What to work on: When you retype the data, keep every word exactly and include none of the pictures.

Data extract:
Start of Block

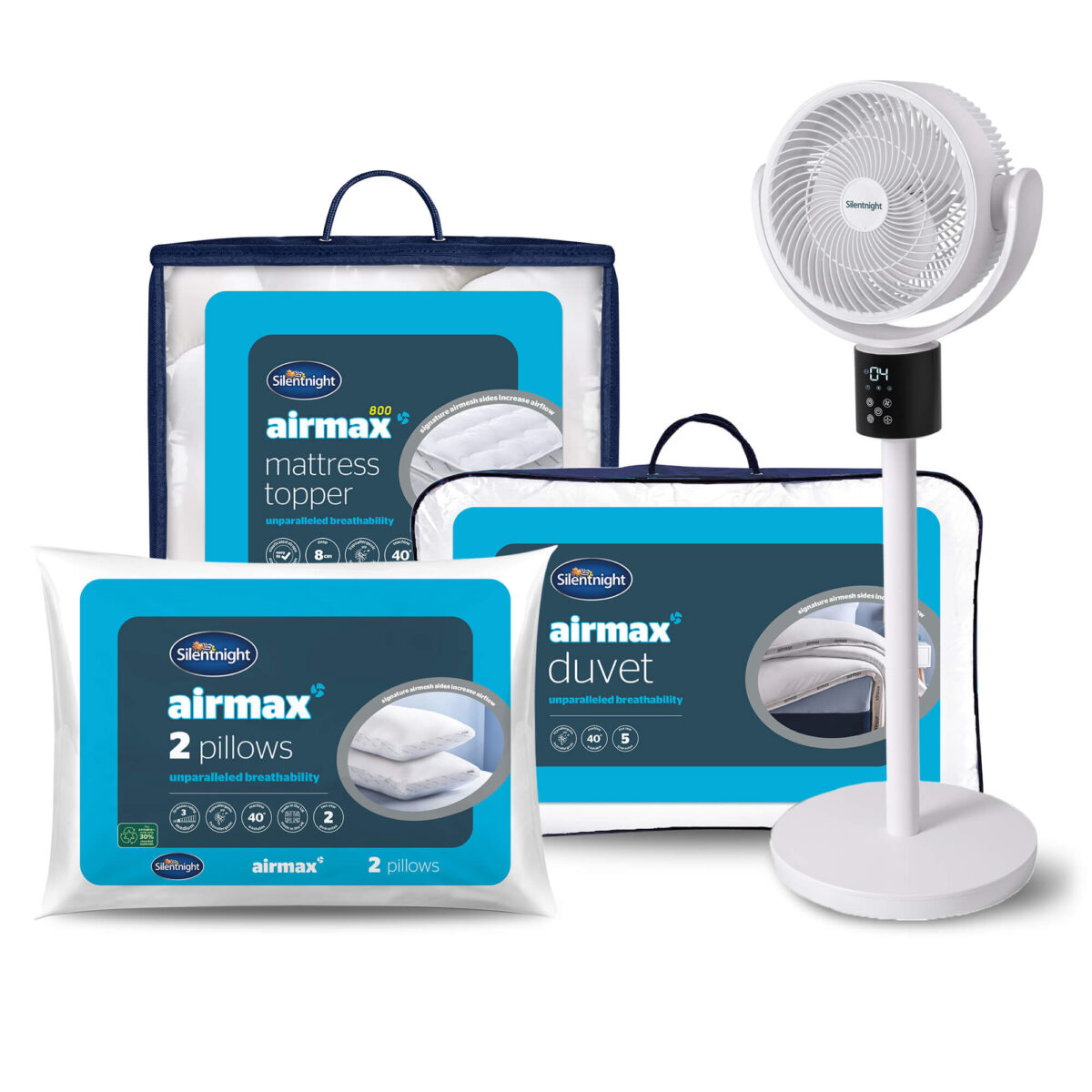 Experience unparalleled breathability with Airmax technology for a comfortably refreshing night’s sleep. This Summer Sleeper Bundle by Silentnight contains 1x Airmax Pro360 Fan, 1x Airmax 800 Topper, 2x Airmax Pillows and 1x Airmax 10.5 Tog Duvet.
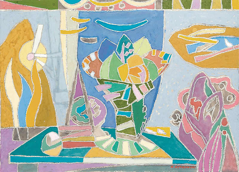 Kazimierz "Kachu" Ostrowski od 1920 mieszkał w Poznaniu, od 1934 w Gdyni. Podczas wojny był więźniem obozu koncentracyjnego w Stutthofie. W 1945 wstąpił do Państwowej Wyższej Szkoły Sztuk Plastycznych w Sopocie, gdzie studiował malarstwo pod kierunkiem Janusza Strzałeckiego, Artura Nachta-Samborskiego i Jacka Żuławskiego. W latach 1949-1950 przebywał w Paryżu na stypendium rządu francuskiego. Uczęszczał do pracowni Fernanda Légera. Po powrocie do kraju zajmował się malarstwem, rysunkiem, projektowaniem tkanin oraz malarstwem ściennym i witrażem. Wykonywał m.in. polichromie fasad odbudowanych kamienic Starego Miasta w Gdańsku i Poznaniu. W latach 1964-1987 pracował jako pedagog w Państwowej Wyższej Szkole Sztuk Plastycznych w Gdańsku. Malarstwo Ostrowskiego wiele zawdzięcza kontaktom ze sztuką Légera i innych przedstawicieli awangardy XX wieku. Artysta tworzy kompozycje zbudowane z uproszczonych, zgeometryzowanych elementów, odznaczające się bogatą kolorystyką i dekoracyjnością. Często podejmował tematykę marynistyczną lub związaną z pracą, wykonywał kompozycje figuralne w typie panneaux. Wielokrotnie wystawiał na przeglądowych wystawach, m.in. III i IV Ogólnopolskiej Wystawie Plastyki, 1953 i 1954, II i III Wystawie Sztuki Nowoczesnej, Warszawa 1957 i 1959, Wystawie Malarstwa w XV-lecie PRL, Muzeum Narodowe, Warszawa 1961, Festiwalach Polskiego Malarstwa Współczesnego w Szczecinie 1962, 1966, 1968, 1970, 1972, 1982. W roku 1988 został laureatem prestiżowej nagrody im. Jana Cybisa.
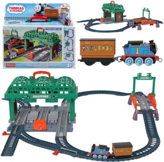 Stanice Knapford s úložným panelem a madlem, díly kolejí, most, nadjezdové značení, mašinka Tomáš (push‑along), osobní vagónek s cestujícími
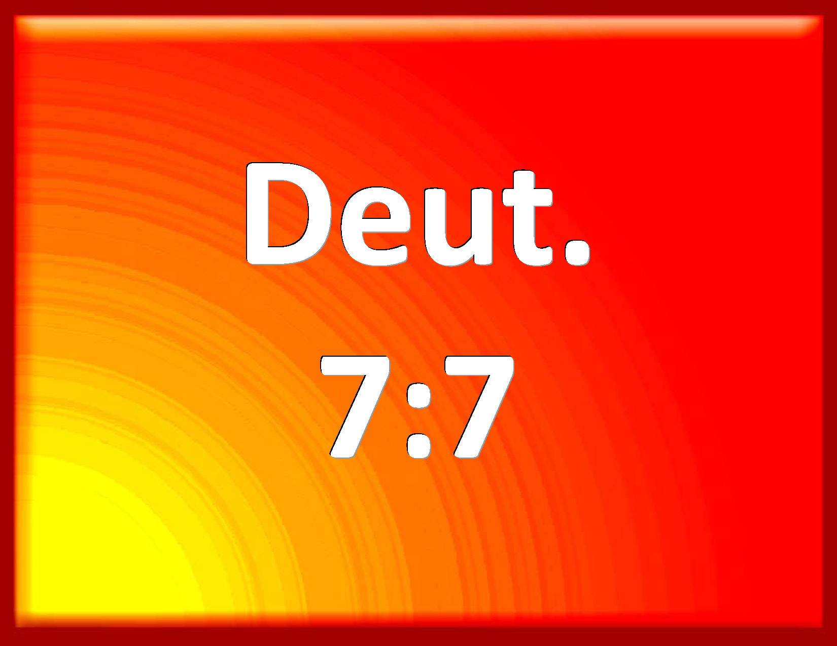 Bible Verse Slide Deuteronomy 7:7 The LORD did not set his love on you, nor choose you, because you were more in number than any people; for you were the fewest of all people: KJV: The LORD did not set his love upon you, nor choose you, because ye were more in number than any people; for ye were the fewest of all people: DRB: Not because you surpass all nations in number, is the Lord joined unto you, and hath chosen you, for you are the fewest of any people: DBT: Not because ye were more in number than all the peoples, hath Jehovah been attached to you and chosen you, for ye are the fewest of all the peoples; ERV: The LORD did not set his love upon you, nor choose you, because ye were more in number than any people; for ye were the fewest of all peoples: WBT: The LORD did not set his love upon you, nor choose you, because ye were more in number than any people; for ye were the fewest of all people: WEB: Yahweh didn't set his love on you, nor choose you, because you were more in number than any people; for you were the fewest of all peoples: YLT: Not because of your being more numerous than any of the peoples hath Jehovah delighted in you, and fixeth on you, for ye are the least of all the peoples,Links Deuteronomy 7:7 NIV • Deuteronomy 7:7 NLT • Deuteronomy 7:7 ESV • Deuteronomy 7:7 NASB • Deuteronomy 7:7 KJV • Deuteronomy 7:7 Interlinear • Deuteronomy 7:7 Commentaries • Deuteronomy 7:7 Parallel Texts • Deuteronomy 7:7 Bible Apps • Deuteronomy 7:7 Parallel • Bible Hub |

End of Block

Problem solution:
 Experience unparalleled breathability with Airmax technology for a comfortably refreshing night’s sleep. This Summer Sleeper Bundle by Silentnight contains 1x Airmax Pro360 Fan, 1x Airmax 800 Topper, 2x Airmax Pillows and 1x Airmax 10.5 Tog Duvet.
 Kazimierz "Kachu" Ostrowski od 1920 mieszkał w Poznaniu, od 1934 w Gdyni. Podczas wojny był więźniem obozu koncentracyjnego w Stutthofie. W 1945 wstąpił do Państwowej Wyższej Szkoły Sztuk Plastycznych w Sopocie, gdzie studiował malarstwo pod kierunkiem Janusza Strzałeckiego, Artura Nachta-Samborskiego i Jacka Żuławskiego. W latach 1949-1950 przebywał w Paryżu na stypendium rządu francuskiego. Uczęszczał do pracowni Fernanda Légera. Po powrocie do kraju zajmował się malarstwem, rysunkiem, projektowaniem tkanin oraz malarstwem ściennym i witrażem. Wykonywał m.in. polichromie fasad odbudowanych kamienic Starego Miasta w Gdańsku i Poznaniu. W latach 1964-1987 pracował jako pedagog w Państwowej Wyższej Szkole Sztuk Plastycznych w Gdańsku. Malarstwo Ostrowskiego wiele zawdzięcza kontaktom ze sztuką Légera i innych przedstawicieli awangardy XX wieku. Artysta tworzy kompozycje zbudowane z uproszczonych, zgeometryzowanych elementów, odznaczające się bogatą kolorystyką i dekoracyjnością. Często podejmował tematykę marynistyczną lub związaną z pracą, wykonywał kompozycje figuralne w typie panneaux. Wielokrotnie wystawiał na przeglądowych wystawach, m.in. III i IV Ogólnopolskiej Wystawie Plastyki, 1953 i 1954, II i III Wystawie Sztuki Nowoczesnej, Warszawa 1957 i 1959, Wystawie Malarstwa w XV-lecie PRL, Muzeum Narodowe, Warszawa 1961, Festiwalach Polskiego Malarstwa Współczesnego w Szczecinie 1962, 1966, 1968, 1970, 1972, 1982. W roku 1988 został laureatem prestiżowej nagrody im. Jana Cybisa.
 Stanice Knapford s úložným panelem a madlem, díly kolejí, most, nadjezdové značení, mašinka Tomáš (push‑along), osobní vagónek s cestujícími
 Bible Verse Slide Deuteronomy 7:7 The LORD did not set his love on you, nor choose you, because you were more in number than any people; for you were the fewest of all people: KJV: The LORD did not set his love upon you, nor choose you, because ye were more in number than any people; for ye were the fewest of all people: DRB: Not because you surpass all nations in number, is the Lord joined unto you, and hath chosen you, for you are the fewest of any people: DBT: Not because ye were more in number than all the peoples, hath Jehovah been attached to you and chosen you, for ye are the fewest of all the peoples; ERV: The LORD did not set his love upon you, nor choose you, because ye were more in number than any people; for ye were the fewest of all peoples: WBT: The LORD did not set his love upon you, nor choose you, because ye were more in number than any people; for ye were the fewest of all people: WEB: Yahweh didn't set his love on you, nor choose you, because you were more in number than any people; for you were the fewest of all peoples: YLT: Not because of your being more numerous than any of the peoples hath Jehovah delighted in you, and fixeth on you, for ye are the least of all the peoples,Links Deuteronomy 7:7 NIV • Deuteronomy 7:7 NLT • Deuteronomy 7:7 ESV • Deuteronomy 7:7 NASB • Deuteronomy 7:7 KJV • Deuteronomy 7:7 Interlinear • Deuteronomy 7:7 Commentaries • Deuteronomy 7:7 Parallel Texts • Deuteronomy 7:7 Bible Apps • Deuteronomy 7:7 Parallel • Bible Hub |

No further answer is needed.